Сколько стоит содержать своего сына в тюрьме
Из условий содержания людей в СИЗО и колониях появляется еще одна проблема: это дорого – для семьи осуждённых. Матери-328 рассказывают, как передачками пытаются компенсировать детям тюремное меню – годами есть только то, чем там кормят, несколько опасно. К тому же немалые деньги уходят на адвокатов и судебные издержки.
Ирина Шакурская, мать Влада: «Когда ребенок только попадает под задержание, нужны адвокаты. У нас расценки такие – от 250 рублей до 500 рублей. Это день работы адвоката: либо подготовка документа, либо посещение ребенка в СИЗО, либо день в суде, ознакомление с делом. Когда заканчивается суд, у родителей накапливается сумма размером от тысячи до трех тысяч долларов – это нужно отдать адвокату. И это только расходы до суда.
На суде могут начислить судебные издержки – это экспертизы, которые они делают, анализы ребенку, экспертизы изъятого вещества. Суммы могут множиться до 500 рублей, 1500 рублей. В нашем случае – по 315 рублей в каждой экспертизе. Издержки приходят письмом на имя ребенка в почтовый ящик. Родители идут и оплачивают.
Пока ребенок сидит в СИЗО, любая мама заботится о передачах. Пока детям не исполнится восемнадцать лет, можно передавать неограниченное количество килограмм. Только на эти передачки у некоторых мам-328 уходило до пятисот долларов. Иногда, бывает, передаешь больше, потому что в письме ребенок сообщает: с ним сидит такой же молодой парень, только ему никто ничего не передает. Тогда ты стараешься привезти больше вещей.

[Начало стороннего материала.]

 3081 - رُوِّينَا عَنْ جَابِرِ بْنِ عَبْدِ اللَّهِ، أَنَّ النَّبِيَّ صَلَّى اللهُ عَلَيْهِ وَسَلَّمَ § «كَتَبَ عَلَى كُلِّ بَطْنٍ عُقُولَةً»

Еда ложится на плечи родителей. Ребенок может рассказать, что весь день их кормили, например, капустой. На завтрак – тушеная капуста с молоком, днем капуста как гарнир, а вечером суп с капустой. Как ни крути, на таком питании долго не протянешь.

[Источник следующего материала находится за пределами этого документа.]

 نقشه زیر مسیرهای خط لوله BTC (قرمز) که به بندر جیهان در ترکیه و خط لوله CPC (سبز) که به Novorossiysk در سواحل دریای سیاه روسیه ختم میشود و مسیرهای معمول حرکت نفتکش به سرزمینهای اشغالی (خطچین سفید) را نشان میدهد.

Они пока сидят в СИЗО, не видят солнечного света. А в СИЗО находятся от полугода до года. Казалось бы, что там расследовать одиннадцать месяцев? Потом, если ребенку исполнилось восемнадцать лет, его отправят во взрослую колонию. Если не исполнилось – в детскую. На момент задержания они несовершеннолетние, а после суда уже попадают в разные колонии. Поэтому кажется, что в детской колонии сидит только 200 человек. Но ведь еще очень много восемнадцатилетних разбросано по всем колониям Беларуси!
Длительное свидание тоже оплачивается. Стоит оно во взрослой колонии около двенадцати рублей, а в детской дороже – около сорока.
Кстати, в детской колонии передачи один раз в два месяца, а во взрослой реже: один раз в три месяца. Так что передача может стоить и семьсот рублей. Беларусь – не богатая страна: чтобы поддерживать своего ребенка в колонии, родителям часто приходится влезать в долги, брать кредиты, продавать имущество. И это на десяток лет».